[Saved data entries]
_ _ _ _ _
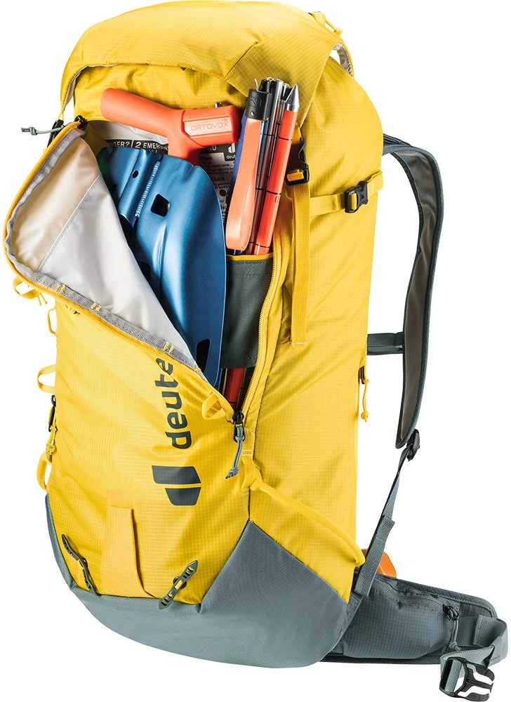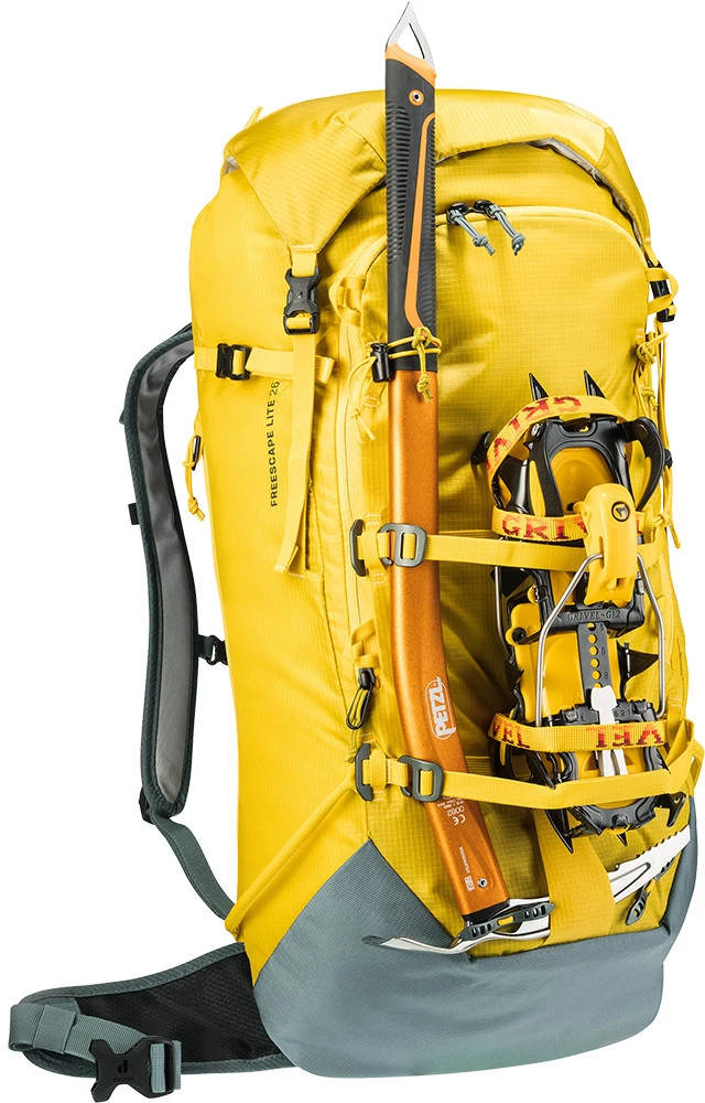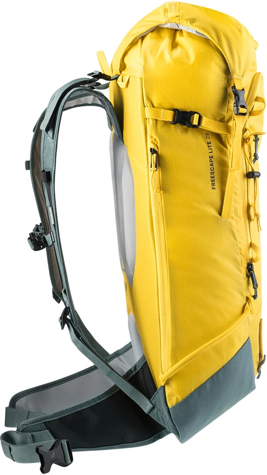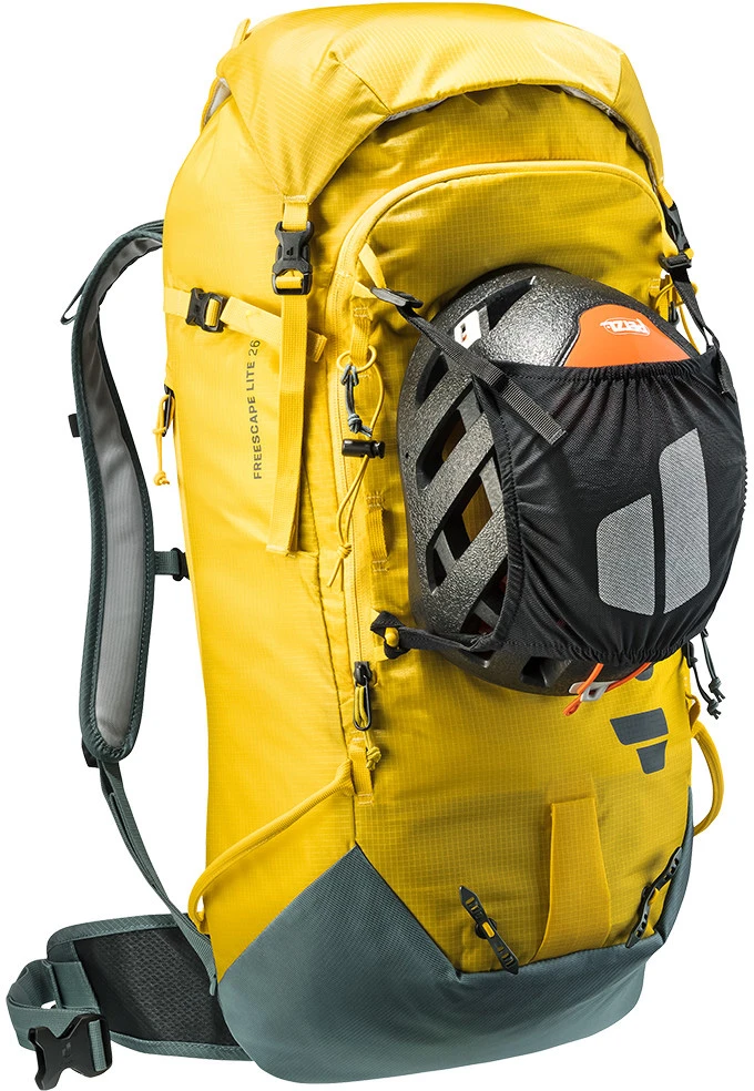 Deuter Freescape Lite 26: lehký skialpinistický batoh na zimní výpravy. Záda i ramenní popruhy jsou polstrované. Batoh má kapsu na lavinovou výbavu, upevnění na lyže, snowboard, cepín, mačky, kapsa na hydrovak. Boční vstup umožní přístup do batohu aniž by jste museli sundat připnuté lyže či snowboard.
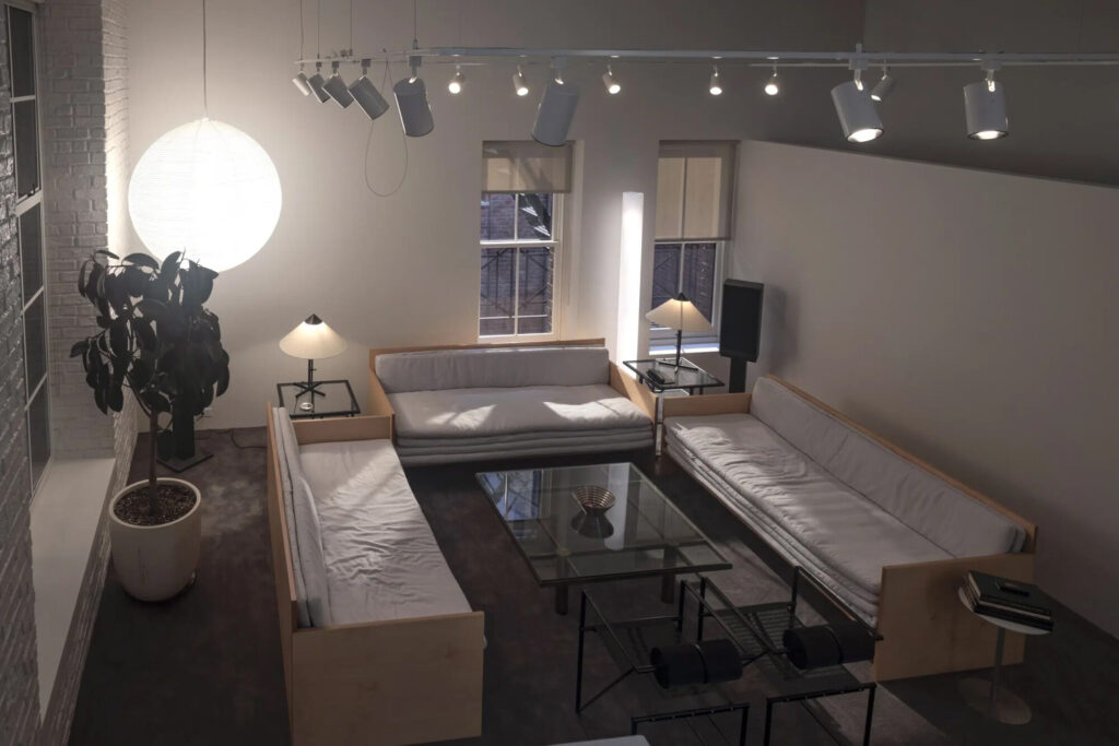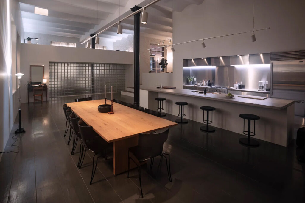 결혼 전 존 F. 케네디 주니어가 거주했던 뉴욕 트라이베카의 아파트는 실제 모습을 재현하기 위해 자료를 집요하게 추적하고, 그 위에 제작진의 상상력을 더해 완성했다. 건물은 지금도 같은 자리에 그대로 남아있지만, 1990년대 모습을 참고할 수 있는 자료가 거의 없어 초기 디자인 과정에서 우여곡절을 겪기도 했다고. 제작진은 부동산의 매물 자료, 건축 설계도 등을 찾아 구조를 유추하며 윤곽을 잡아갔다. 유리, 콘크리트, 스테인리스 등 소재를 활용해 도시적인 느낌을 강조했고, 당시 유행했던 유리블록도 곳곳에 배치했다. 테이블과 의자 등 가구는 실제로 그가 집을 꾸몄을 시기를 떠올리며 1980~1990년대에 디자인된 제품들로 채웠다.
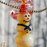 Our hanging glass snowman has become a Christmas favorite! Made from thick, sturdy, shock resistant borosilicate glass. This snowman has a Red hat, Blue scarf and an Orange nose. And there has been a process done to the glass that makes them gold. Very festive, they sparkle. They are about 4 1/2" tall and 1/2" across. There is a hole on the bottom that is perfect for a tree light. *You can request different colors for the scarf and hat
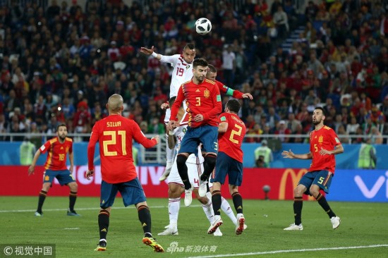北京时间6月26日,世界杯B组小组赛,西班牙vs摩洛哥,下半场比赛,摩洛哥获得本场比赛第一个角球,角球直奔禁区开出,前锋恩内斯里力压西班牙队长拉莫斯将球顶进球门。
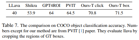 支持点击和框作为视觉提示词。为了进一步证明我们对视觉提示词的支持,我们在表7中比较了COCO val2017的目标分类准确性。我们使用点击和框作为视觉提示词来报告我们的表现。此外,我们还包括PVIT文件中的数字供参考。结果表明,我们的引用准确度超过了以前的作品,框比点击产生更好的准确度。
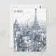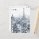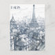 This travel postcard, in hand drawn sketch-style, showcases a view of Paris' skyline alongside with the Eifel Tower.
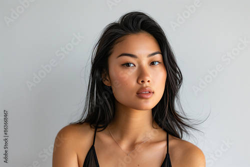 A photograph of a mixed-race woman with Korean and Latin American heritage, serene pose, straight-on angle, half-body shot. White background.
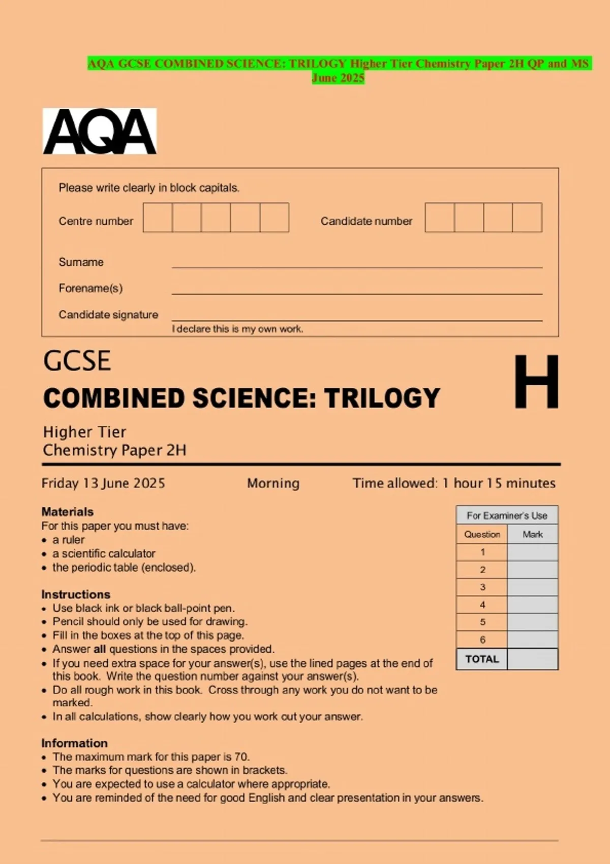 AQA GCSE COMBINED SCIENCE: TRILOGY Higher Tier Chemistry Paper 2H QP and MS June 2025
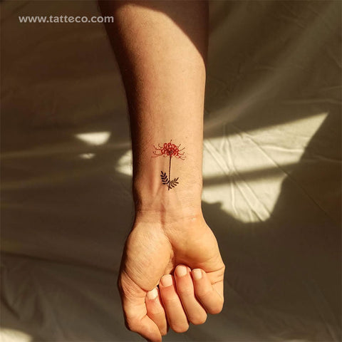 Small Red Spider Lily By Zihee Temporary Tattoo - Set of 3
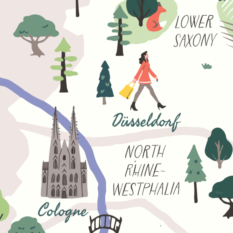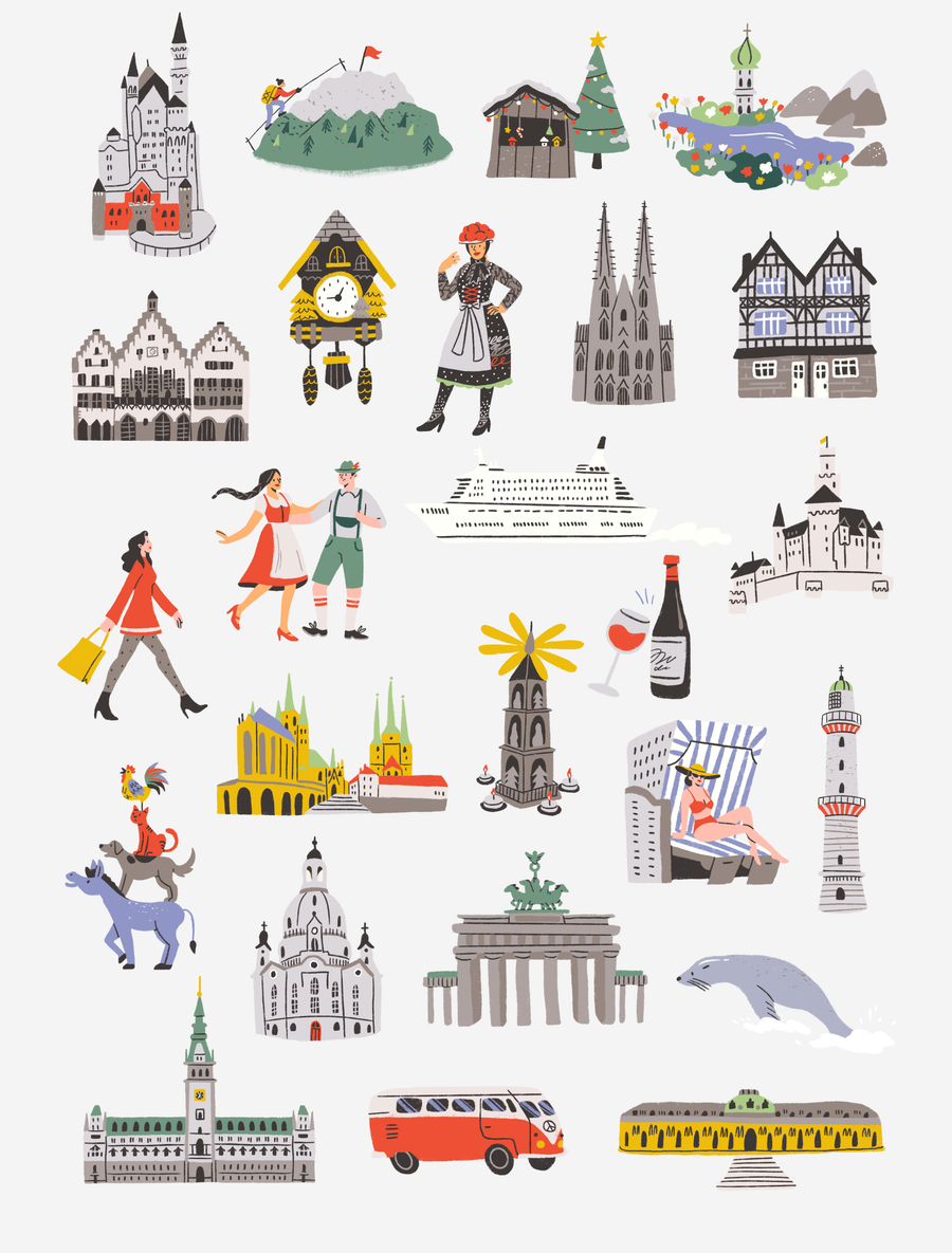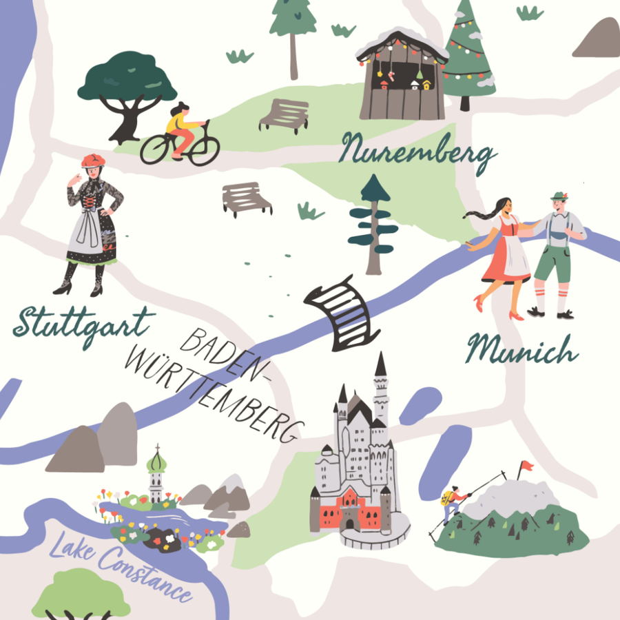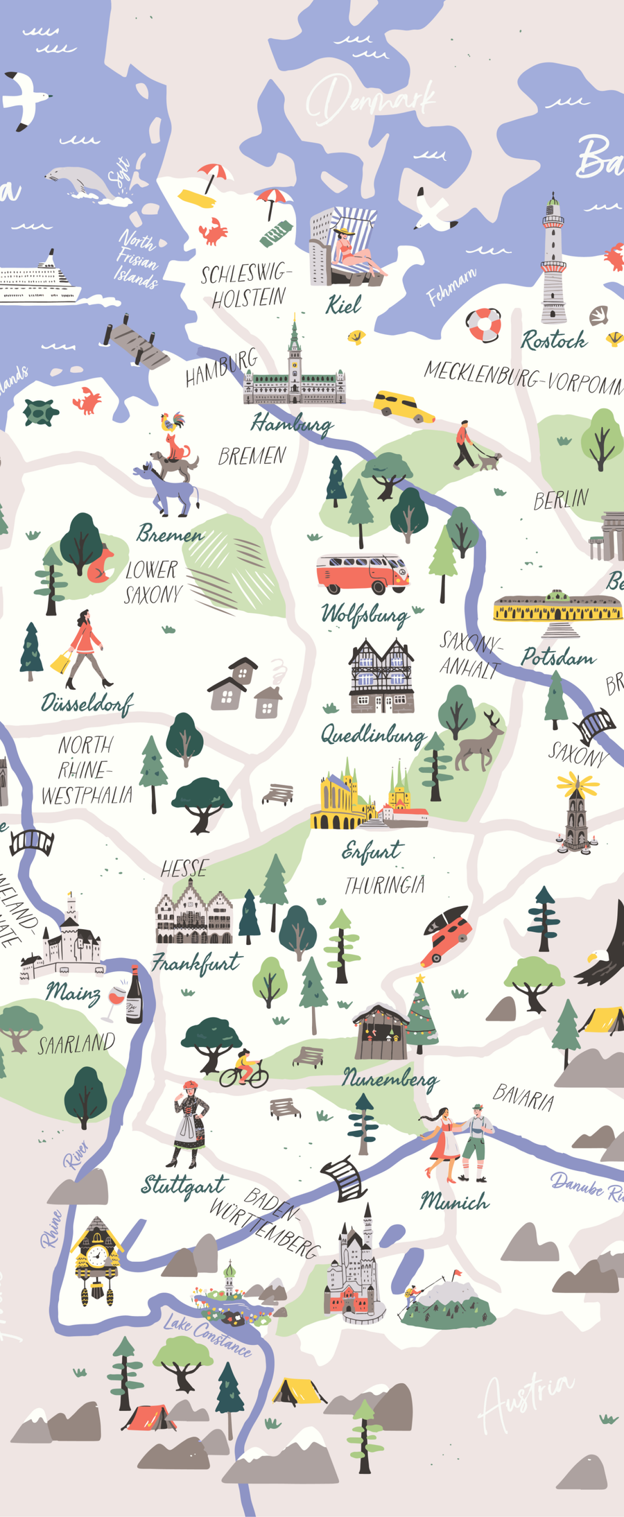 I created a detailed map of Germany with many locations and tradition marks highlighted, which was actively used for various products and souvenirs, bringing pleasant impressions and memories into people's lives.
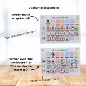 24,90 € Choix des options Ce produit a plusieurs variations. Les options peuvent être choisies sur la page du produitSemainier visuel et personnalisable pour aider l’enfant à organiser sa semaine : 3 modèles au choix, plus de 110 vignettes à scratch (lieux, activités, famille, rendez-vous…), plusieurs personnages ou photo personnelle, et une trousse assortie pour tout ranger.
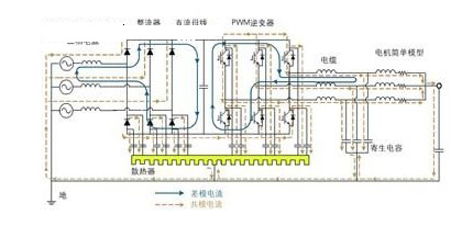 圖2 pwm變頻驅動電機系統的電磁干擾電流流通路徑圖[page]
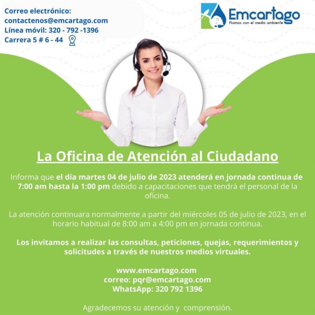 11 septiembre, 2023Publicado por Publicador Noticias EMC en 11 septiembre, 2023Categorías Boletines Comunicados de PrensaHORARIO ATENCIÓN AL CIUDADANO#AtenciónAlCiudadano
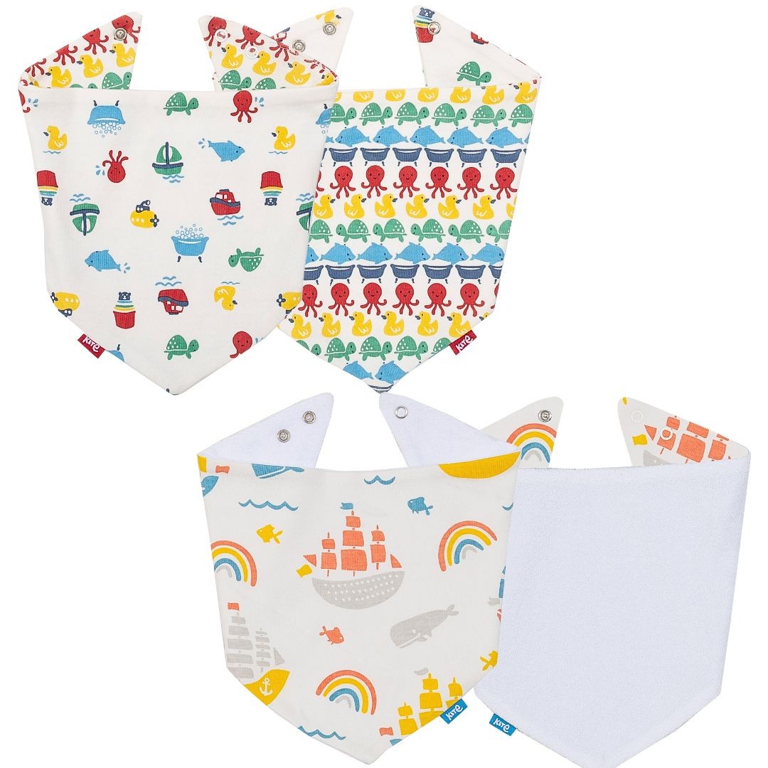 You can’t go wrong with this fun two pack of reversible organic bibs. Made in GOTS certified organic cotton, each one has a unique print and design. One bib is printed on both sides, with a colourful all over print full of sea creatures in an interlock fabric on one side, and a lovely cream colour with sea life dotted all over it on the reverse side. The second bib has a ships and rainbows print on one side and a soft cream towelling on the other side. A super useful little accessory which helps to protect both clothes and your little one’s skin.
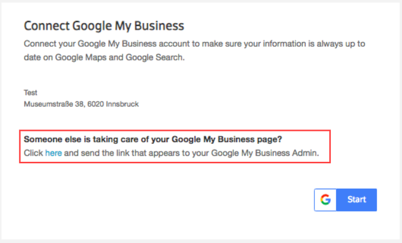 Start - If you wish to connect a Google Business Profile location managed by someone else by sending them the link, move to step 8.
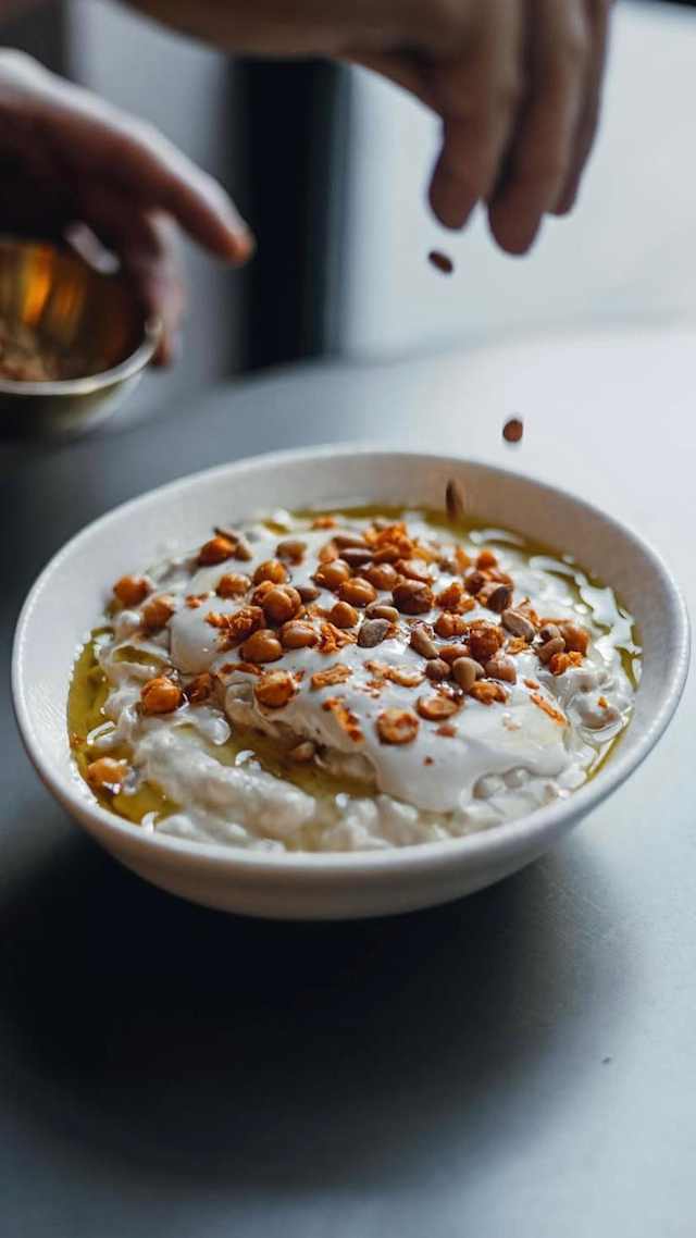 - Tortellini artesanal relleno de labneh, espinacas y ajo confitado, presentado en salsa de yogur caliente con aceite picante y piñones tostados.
_ _ _ _ _
From the opening line of the entries above to the line containing "결혼 전 존 F. 케네디", please transcribe each line exactly, skipping every picture.

 Deuter Freescape Lite 26: lehký skialpinistický batoh na zimní výpravy. Záda i ramenní popruhy jsou polstrované. Batoh má kapsu na lavinovou výbavu, upevnění na lyže, snowboard, cepín, mačky, kapsa na hydrovak. Boční vstup umožní přístup do batohu aniž by jste museli sundat připnuté lyže či snowboard.
 결혼 전 존 F. 케네디 주니어가 거주했던 뉴욕 트라이베카의 아파트는 실제 모습을 재현하기 위해 자료를 집요하게 추적하고, 그 위에 제작진의 상상력을 더해 완성했다. 건물은 지금도 같은 자리에 그대로 남아있지만, 1990년대 모습을 참고할 수 있는 자료가 거의 없어 초기 디자인 과정에서 우여곡절을 겪기도 했다고. 제작진은 부동산의 매물 자료, 건축 설계도 등을 찾아 구조를 유추하며 윤곽을 잡아갔다. 유리, 콘크리트, 스테인리스 등 소재를 활용해 도시적인 느낌을 강조했고, 당시 유행했던 유리블록도 곳곳에 배치했다. 테이블과 의자 등 가구는 실제로 그가 집을 꾸몄을 시기를 떠올리며 1980~1990년대에 디자인된 제품들로 채웠다.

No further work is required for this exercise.